INFORMATION -
=======

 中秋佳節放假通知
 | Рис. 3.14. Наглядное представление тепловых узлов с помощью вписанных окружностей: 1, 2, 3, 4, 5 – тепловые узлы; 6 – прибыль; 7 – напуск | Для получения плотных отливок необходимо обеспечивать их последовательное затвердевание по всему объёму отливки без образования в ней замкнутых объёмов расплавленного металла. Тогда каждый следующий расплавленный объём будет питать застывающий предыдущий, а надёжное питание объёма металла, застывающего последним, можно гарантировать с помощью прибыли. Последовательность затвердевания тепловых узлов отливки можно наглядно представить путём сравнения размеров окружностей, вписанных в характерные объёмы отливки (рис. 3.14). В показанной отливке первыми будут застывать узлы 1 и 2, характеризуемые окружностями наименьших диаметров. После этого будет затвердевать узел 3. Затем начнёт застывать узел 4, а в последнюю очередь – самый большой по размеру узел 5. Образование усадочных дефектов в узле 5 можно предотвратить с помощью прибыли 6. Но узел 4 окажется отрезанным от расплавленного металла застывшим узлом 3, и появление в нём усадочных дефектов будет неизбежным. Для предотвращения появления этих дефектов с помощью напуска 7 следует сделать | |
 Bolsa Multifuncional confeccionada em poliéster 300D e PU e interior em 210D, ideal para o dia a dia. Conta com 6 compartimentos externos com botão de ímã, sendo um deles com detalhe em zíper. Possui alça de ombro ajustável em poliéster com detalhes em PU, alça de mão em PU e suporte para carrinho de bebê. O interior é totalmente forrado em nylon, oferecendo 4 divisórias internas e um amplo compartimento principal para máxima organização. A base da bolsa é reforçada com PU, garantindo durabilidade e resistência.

=======

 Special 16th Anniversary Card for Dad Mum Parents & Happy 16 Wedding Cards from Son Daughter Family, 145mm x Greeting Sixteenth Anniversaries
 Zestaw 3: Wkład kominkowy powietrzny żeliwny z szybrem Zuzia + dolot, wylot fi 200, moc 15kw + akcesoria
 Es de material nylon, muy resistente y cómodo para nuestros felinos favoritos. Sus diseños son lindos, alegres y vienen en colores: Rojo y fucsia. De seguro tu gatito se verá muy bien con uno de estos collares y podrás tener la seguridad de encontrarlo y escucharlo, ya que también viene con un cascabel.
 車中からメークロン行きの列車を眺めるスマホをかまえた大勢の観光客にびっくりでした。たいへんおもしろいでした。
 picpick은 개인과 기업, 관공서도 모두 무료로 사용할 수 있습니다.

=======

Considering only the material above, set down every line from the one with "Zestaw 3: Wkład" to the one with "picpick은 개인과 기업, 관공서도 모두 무료로 사용할 수 있습니다.", inclusive, exactly as written.

RESULT FOR THIS TASK -
 Zestaw 3: Wkład kominkowy powietrzny żeliwny z szybrem Zuzia + dolot, wylot fi 200, moc 15kw + akcesoria
 Es de material nylon, muy resistente y cómodo para nuestros felinos favoritos. Sus diseños son lindos, alegres y vienen en colores: Rojo y fucsia. De seguro tu gatito se verá muy bien con uno de estos collares y podrás tener la seguridad de encontrarlo y escucharlo, ya que también viene con un cascabel.
 車中からメークロン行きの列車を眺めるスマホをかまえた大勢の観光客にびっくりでした。たいへんおもしろいでした。
 picpick은 개인과 기업, 관공서도 모두 무료로 사용할 수 있습니다.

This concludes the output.